Re: Charset usage data from Alexey Proskuryakov on 2008-07-22 (public-html@w3.org from July 2008)

From: Alexey Proskuryakov <ap@webkit.org>
Date: Tue, 22 Jul 2008 15:44:18 +0400
To: Philip Taylor <pjt47@cam.ac.uk>
Cc: Ian Hickson <ian@hixie.ch>, HTML WG <public-html@w3.org>
Message-Id: <5DE90963-8D2B-43F0-91D1-9AABCF8C1D4B@webkit.org>

On May 22, 2008, at 4:32 PM, Philip Taylor wrote:

>>> The encoding sniffing algorithm works significantly better with  
>>> 1024 bytes (finds 92% of charsets) that with 512 (finds 82%).
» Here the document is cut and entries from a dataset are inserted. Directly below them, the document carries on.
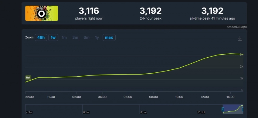 Пиковый онлайн составил 3192 человек. Не исключено, что он вырастит ближе к вечеру или на выходных.
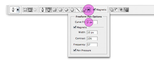 10.鋼筆壓力:當自由鋼筆工具被選擇時在自由鋼筆選項下拉列表中可用。選擇該項后,根據繪畫板的承受的壓力(如果你有的話)決定鋼筆的寬度。
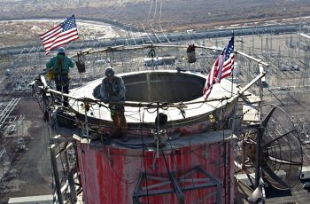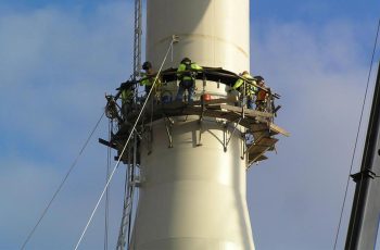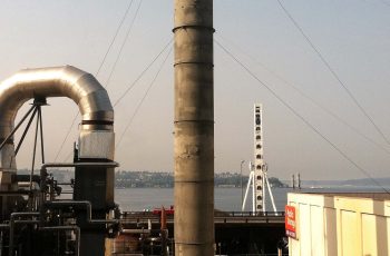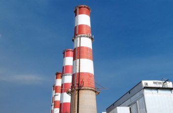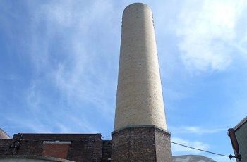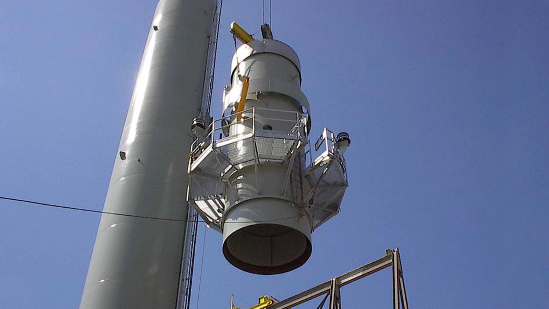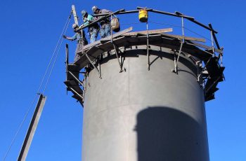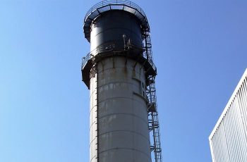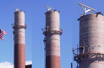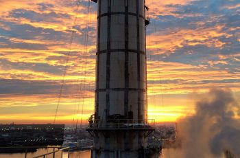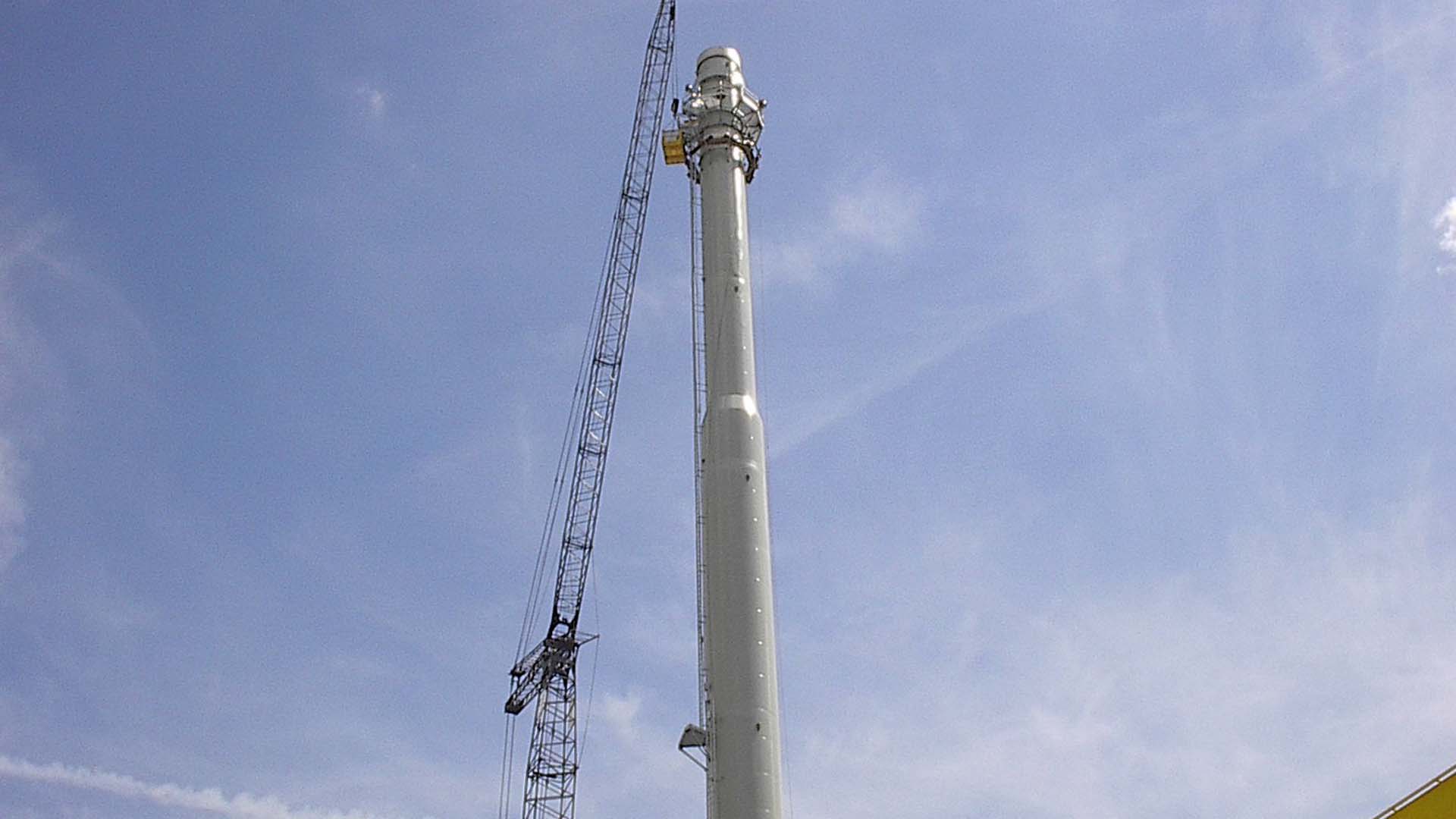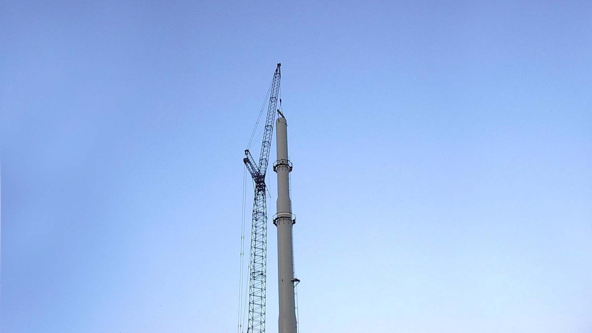 Jansons erected the dual wall stack whose design included a 317L stainless steel liner, A-36 steel shell with an epoxy finish coating, service platforms and aviation obstruction light system. The structure was erected in six sections using a Grove HL-150T lattice boom truck crane with 170′ of the main boom and a 160′ luffing jib section that was re-configured twice to reach the 330′ tip height.
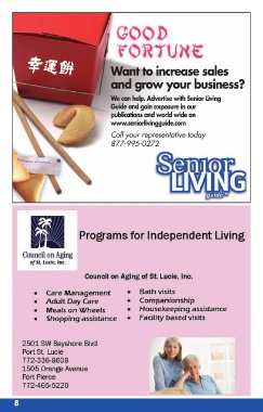Want to increase sales and grow your business? We can help. Advertise with Senior Living Guide and gain exposure in our publications and world wide on www.seniorlivingguide.com Call your representative today 877-995-0272 8
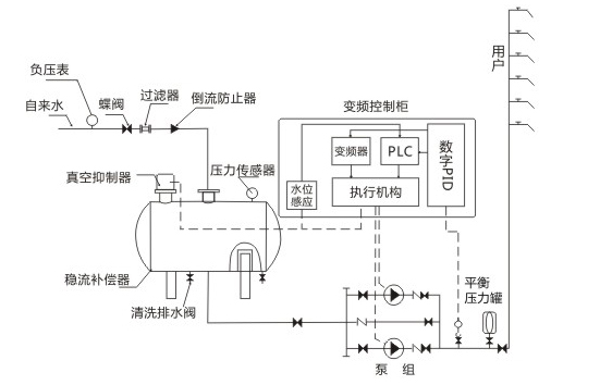 1、与自来水管网直接相连,不用建水池(箱),并不形晌其它用户水压。
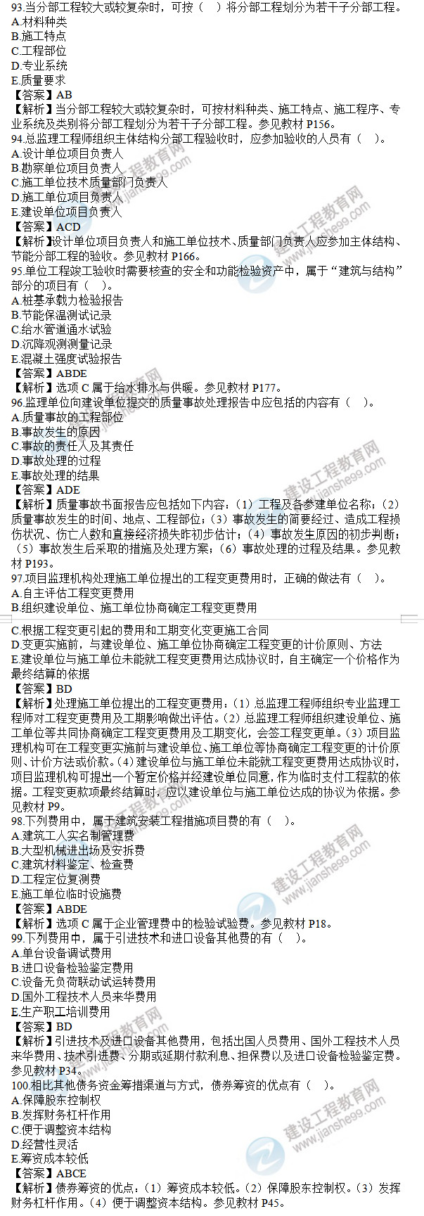 2021年監(jiān)理工程師土建控制試題及答案91-100題,建設(shè)工程教育網(wǎng)考后將會根據(jù)學(xué)員反饋進行匯總,考試過后,廣大考生最關(guān)心的問題莫過于2021年監(jiān)理工程師土建控制試題及答案91-100題了,網(wǎng)校會及時匯總2021年監(jiān)理工程師土建控制試題及答案分享給大家,并且做出答案解析,希望能為廣大監(jiān)理考生朋友帶來幫助。
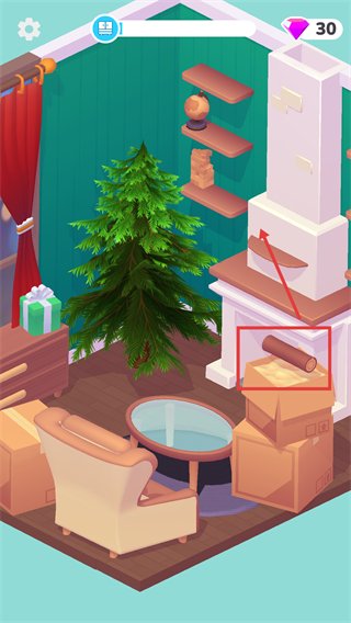 1、找到房間內的【紙箱】,打開后獲取裝飾相關物品,為后續布置場景積累所需的材料資源。
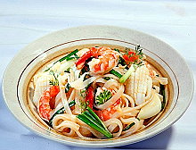 sợi, hành lá, đậu phộng và tôm mực vào đảo đều sau đó tắt lửa.
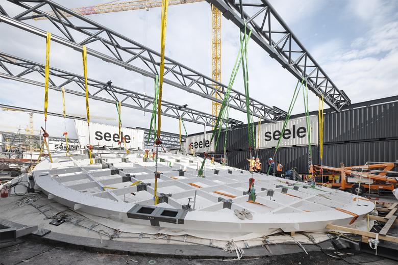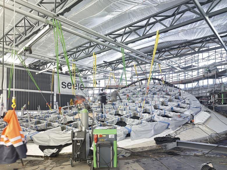A light eye is made up of 8 steel construction segments. Each segment is suspended and adjusted using chain hoists and heavy-duty belts over 3 lattice girders. The segments can then be welded together to form a steel mesh structure - at any time of year. This is because the assembly area above the light eye is completely covered. Sea freight containers form a container enclosure. These serve on the one hand as a supporting structure for the 3 lattice girders, which are important for fixing the steel construction segments, and on the other hand as a trailer for the roof construction.
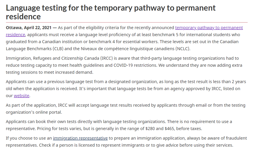 加拿大新增PR语言测试临时通道!
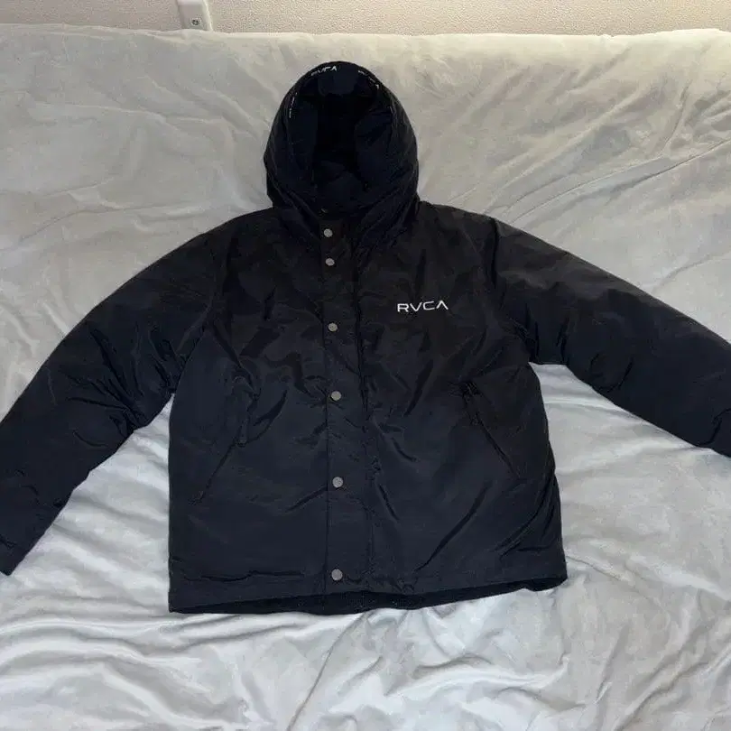 RVCA의 블랙 후드 부착 나일론 자켓, 단추식으로 사이드 포켓이 있습니다.
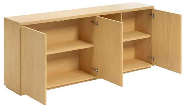 Mit seinem schlicht-eleganten Design ergänzt sich das Kave Home Sideboard zu vielseitigen Einrichtungsstilen und macht sowohl im Wohnzimmer als auch im Esszimmer, im Büro oder im Schlafzimmer eine gute Figur. Drei offene Fächer bieten schnellen Zugriff und eignen sich gut für allerlei dekorative Artikel. Hinter einer einzelnen und zwei zusammenhängenden Drehtüren mit je einem Zwischenboden ist hingegen ausreichend Stauraum für Geschirr, Bettwäsche, Büroartikel und vieles mehr gegeben.
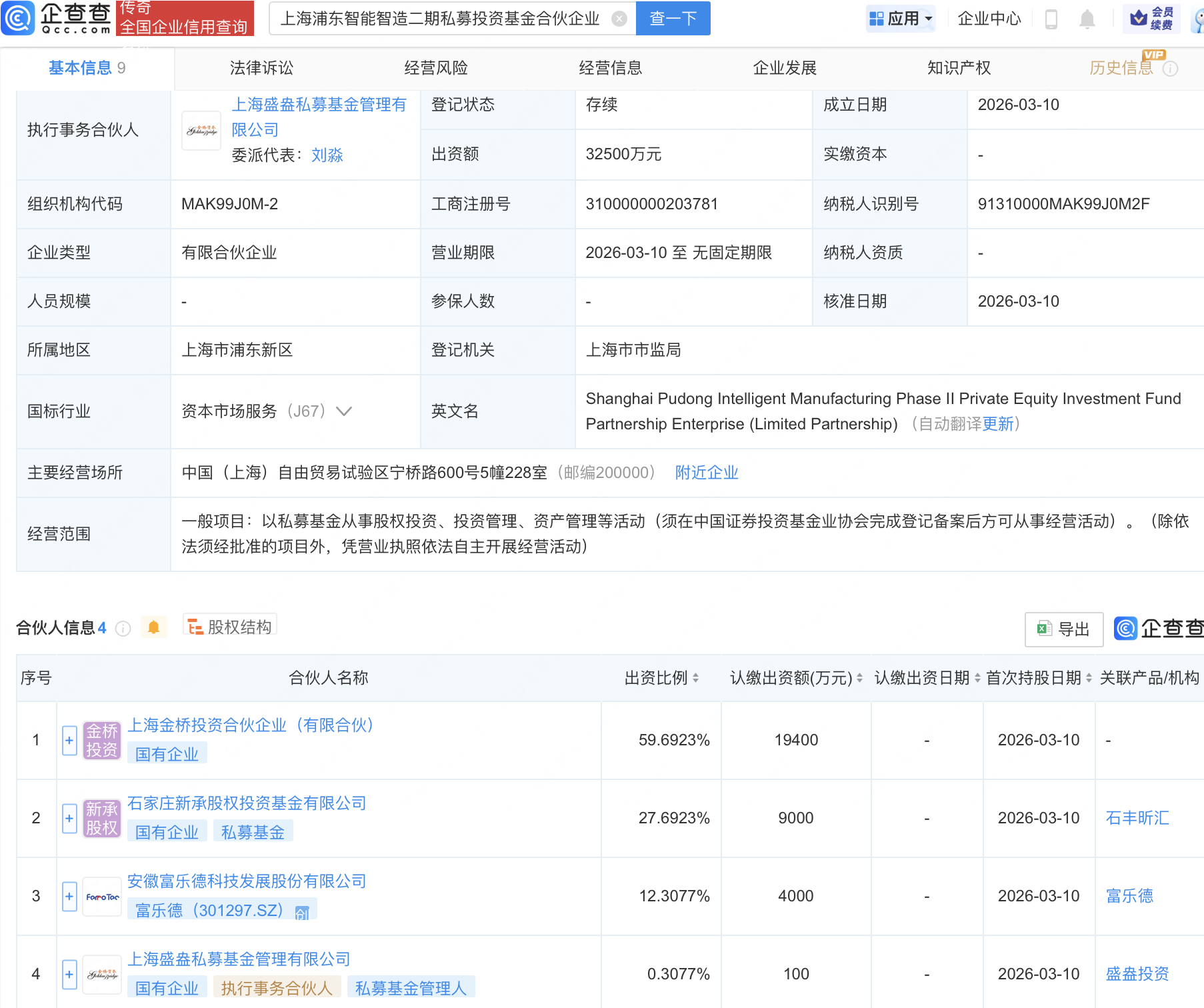 企查查APP显示,近日,上海浦东智能智造二期私募投资基金合伙企业(有限合伙)成立,出资额3.25亿元,经营范围包含:以私募基金从事股权投资、投资管理、资产管理等活动。企查查股权穿透显示,该企业由富乐德(301297)等共同出资。

If  
>>> anyone cares, I could try a more detailed comparison to see if  
>>> there's a 'good' value that could be suggested to UA developers,  
>>> since the 512 bytes used as an example in the spec is not great.
>> As far as I can tell, 512 bytes is the sweet spot after which you  
>> get diminishing returns (you got 80% with 512, but doubling it only  
>> got you an extra 10%).
>
> But on the other hand, doubling it got a huge 50% decrease in false  
> negatives :-)
> (Seems like it's just a tradeoff that can be interpreted however you  
> want, and I've got no idea what would be best in practice, and 512  
> doesn't sound less reasonable than anything else.)


FWIW, WebKit has just switched to checking 1024 bytes instead of 512  
(and we ignore charset declarations outside of HEAD past that boundary).

- WBR, Alexey Proskuryakov

Received on Tuesday, 22 July 2008 11:45:29 UTC